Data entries
-------

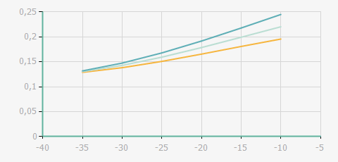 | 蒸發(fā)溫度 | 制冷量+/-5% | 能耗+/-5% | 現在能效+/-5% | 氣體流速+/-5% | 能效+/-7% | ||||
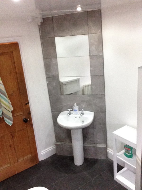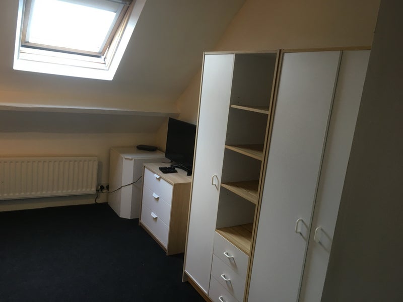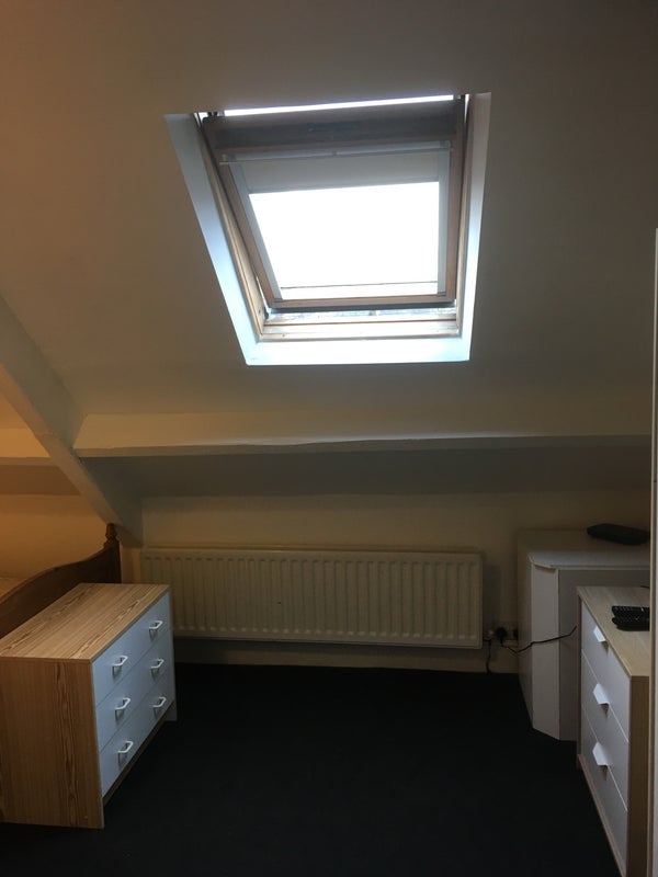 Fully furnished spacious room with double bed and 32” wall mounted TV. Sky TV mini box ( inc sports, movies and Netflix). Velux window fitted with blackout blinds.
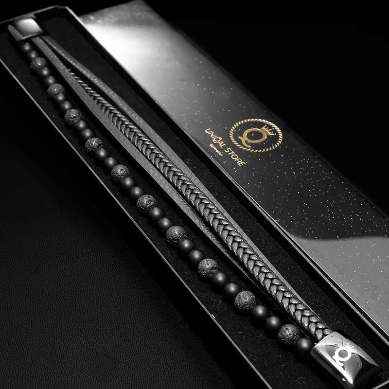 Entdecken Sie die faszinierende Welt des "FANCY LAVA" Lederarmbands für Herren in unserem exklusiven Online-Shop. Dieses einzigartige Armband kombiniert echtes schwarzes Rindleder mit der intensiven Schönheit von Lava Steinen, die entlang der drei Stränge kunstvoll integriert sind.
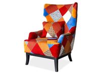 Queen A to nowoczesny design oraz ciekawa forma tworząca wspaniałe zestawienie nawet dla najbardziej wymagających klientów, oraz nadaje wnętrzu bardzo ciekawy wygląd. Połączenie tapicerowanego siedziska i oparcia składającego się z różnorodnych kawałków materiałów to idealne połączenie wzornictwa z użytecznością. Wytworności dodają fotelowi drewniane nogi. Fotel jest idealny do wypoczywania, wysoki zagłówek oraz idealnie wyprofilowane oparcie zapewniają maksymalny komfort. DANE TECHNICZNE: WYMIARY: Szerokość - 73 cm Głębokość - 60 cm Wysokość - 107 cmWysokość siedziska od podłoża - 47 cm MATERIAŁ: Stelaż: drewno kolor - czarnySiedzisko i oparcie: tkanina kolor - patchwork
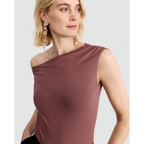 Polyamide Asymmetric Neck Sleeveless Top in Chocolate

-------

● **WHAT TO PRODUCE**: Return only the lines running from the top of the data to the line that holds "Fully furnished spacious". Include both of those lines, but skip the pictures.

● **PROBLEM SOLUTION**:
 | 蒸發(fā)溫度 | 制冷量+/-5% | 能耗+/-5% | 現在能效+/-5% | 氣體流速+/-5% | 能效+/-7% | ||||
 Fully furnished spacious room with double bed and 32” wall mounted TV. Sky TV mini box ( inc sports, movies and Netflix). Velux window fitted with blackout blinds.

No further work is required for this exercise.